Missing transitive dependencies. Image-layer scanners enumerate installed packages; they do not always reconstruct the full dependency graph from source. A Go binary compiled with CGO_DISABLED=0 and stripped of debug info may have no detectable Go module metadata in the final image — Syft identifies it as a Go binary but cannot enumerate its imports. cdxgen operating on source before the build captures what image-layer scanners miss.

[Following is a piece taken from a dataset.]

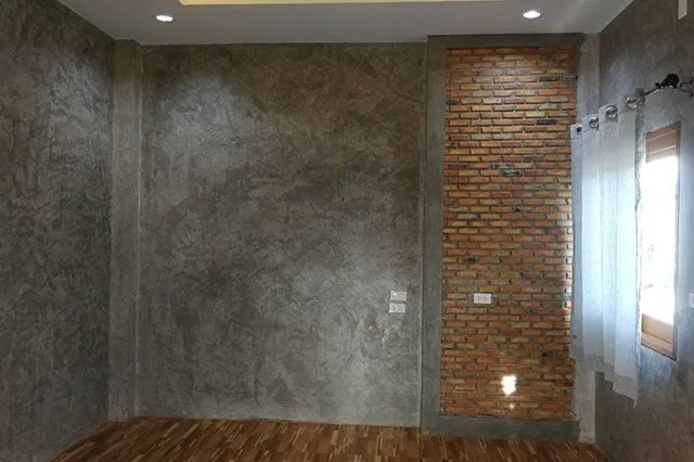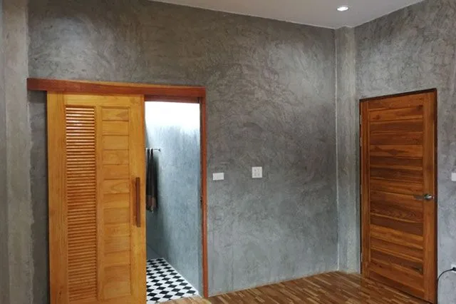 ผนังปูนลอฟท์ที่สวยงาม พร้อมประตูห้องภายในทำจากไม้
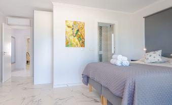 If we start from outside; You will find the gate where you can park up to 3 cars outside at the gravel road. When you walk inside, you will find orange threes on the right side, the 6 bedroom villa on the left side + the separate smaller house in front of you with 1 bedroom and private kitchenette. The villa is divided on one floor with an over-deck suntan terrace where you find sun-beds and stunning views over the coast. At the terrace space you will find everything from a just finished gas and charcoal BBQ corner, pool table, ping pong game & private heated swimmingpool. Easy said, everything needed to enjoy a vacation!

Wrong CPE mappings. Common Platform Enumeration identifiers are the primary key used to match software components against the NVD database. Incorrect CPEs produce false positives (CVE matched to the wrong package) and false negatives (a vulnerable package not matched at all). This is especially common for forked packages, rebranded OS packages, and vendored libraries where the package name in the image differs from the upstream name that NVD uses. Package URL (purl) identifiers are more accurate than CPEs for ecosystem packages because they encode the registry, namespace, name, and version in a standardised format that maps unambiguously to the package in its native registry.
Multi-stage build leakage. Syft by default scans the final image. If a multi-stage Dockerfile copies a binary compiled in a heavy build stage into a minimal runtime stage, Syft correctly does not enumerate build-stage packages. But if the final image inadvertently copies non-binary artefacts from the build stage (e.g., a Python .venv directory, a node_modules tree left behind by a bad COPY --chown), those packages appear in the SBOM with no indication that they were an unintended inclusion. Diff the SBOM against the intended package manifest and treat unexpected packages as build configuration findings.
Clock skew in SBOM timestamps. Reproducible build environments and base image pinning are prerequisites for SBOM reproducibility. An SBOM generated from FROM python:3.11 (a mutable tag) today will differ from one generated tomorrow because the underlying digest may change. Pin base images by digest; generate SBOMs from the pinned digest rather than the mutable tag.
Verification at Deployment Time
Producing and storing attestations is useful only if they are verified before workloads are admitted to production. A Kubernetes admission controller can verify that every image carries a valid cosign-signed SBOM attestation before allowing the pod to be scheduled.
Policy Admission Controller (using Kyverno):
apiVersion: kyverno.io/v1
kind: ClusterPolicy
metadata:
name: require-sbom-attestation
spec:
validationFailureAction: Enforce
rules:
- name: check-sbom-attestation
match:
any:
- resources:
kinds: [Pod]
namespaces: [production]
verifyImages:
- imageReferences:
- "ghcr.io/myorg/*"
attestations:
- predicateType: https://cyclonedx.org/bom
attestors:
- entries:
- keyless:
subject: "https://github.com/myorg/*/.github/workflows/*.yml@refs/heads/main"
issuer: "https://token.actions.githubusercontent.com"
This rejects any pod in the production namespace whose image does not have a CycloneDX SBOM attestation signed by GitHub Actions OIDC from the main branch, closing the loop from generation to enforcement.